* _Task to carry out_
Write out each entry below exactly; the images do not belong in your copy.

-----

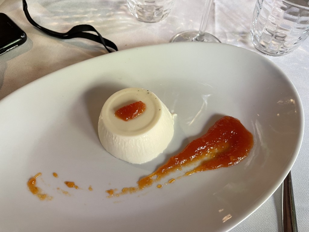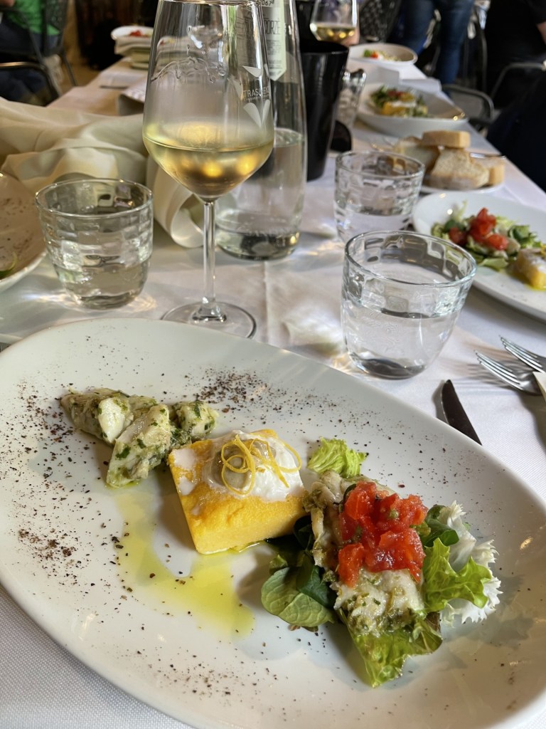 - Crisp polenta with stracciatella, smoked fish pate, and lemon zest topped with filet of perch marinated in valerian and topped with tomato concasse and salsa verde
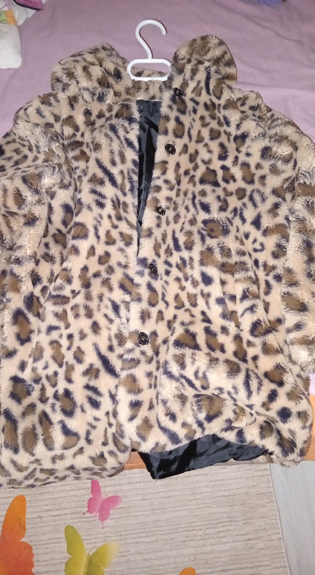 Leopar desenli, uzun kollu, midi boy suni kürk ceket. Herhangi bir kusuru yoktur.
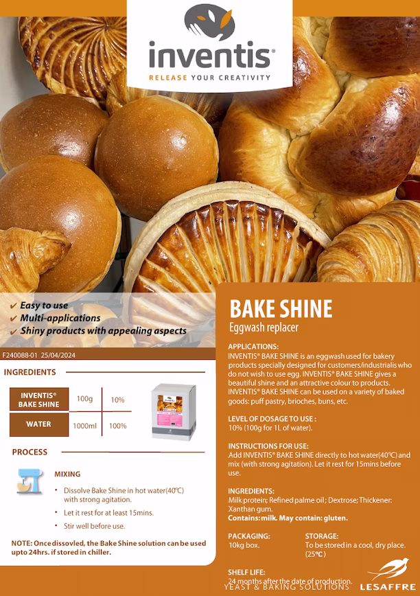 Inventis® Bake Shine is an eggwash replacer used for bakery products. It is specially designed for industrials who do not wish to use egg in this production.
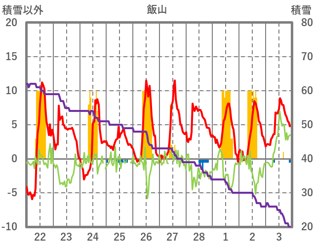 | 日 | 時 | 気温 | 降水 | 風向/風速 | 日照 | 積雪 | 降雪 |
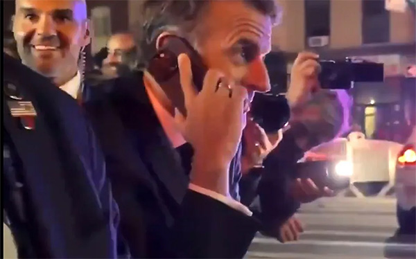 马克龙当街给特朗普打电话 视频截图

-----

* _Response area_
 - Crisp polenta with stracciatella, smoked fish pate, and lemon zest topped with filet of perch marinated in valerian and topped with tomato concasse and salsa verde
 Leopar desenli, uzun kollu, midi boy suni kürk ceket. Herhangi bir kusuru yoktur.
 Inventis® Bake Shine is an eggwash replacer used for bakery products. It is specially designed for industrials who do not wish to use egg in this production.
 | 日 | 時 | 気温 | 降水 | 風向/風速 | 日照 | 積雪 | 降雪 |
 马克龙当街给特朗普打电话 视频截图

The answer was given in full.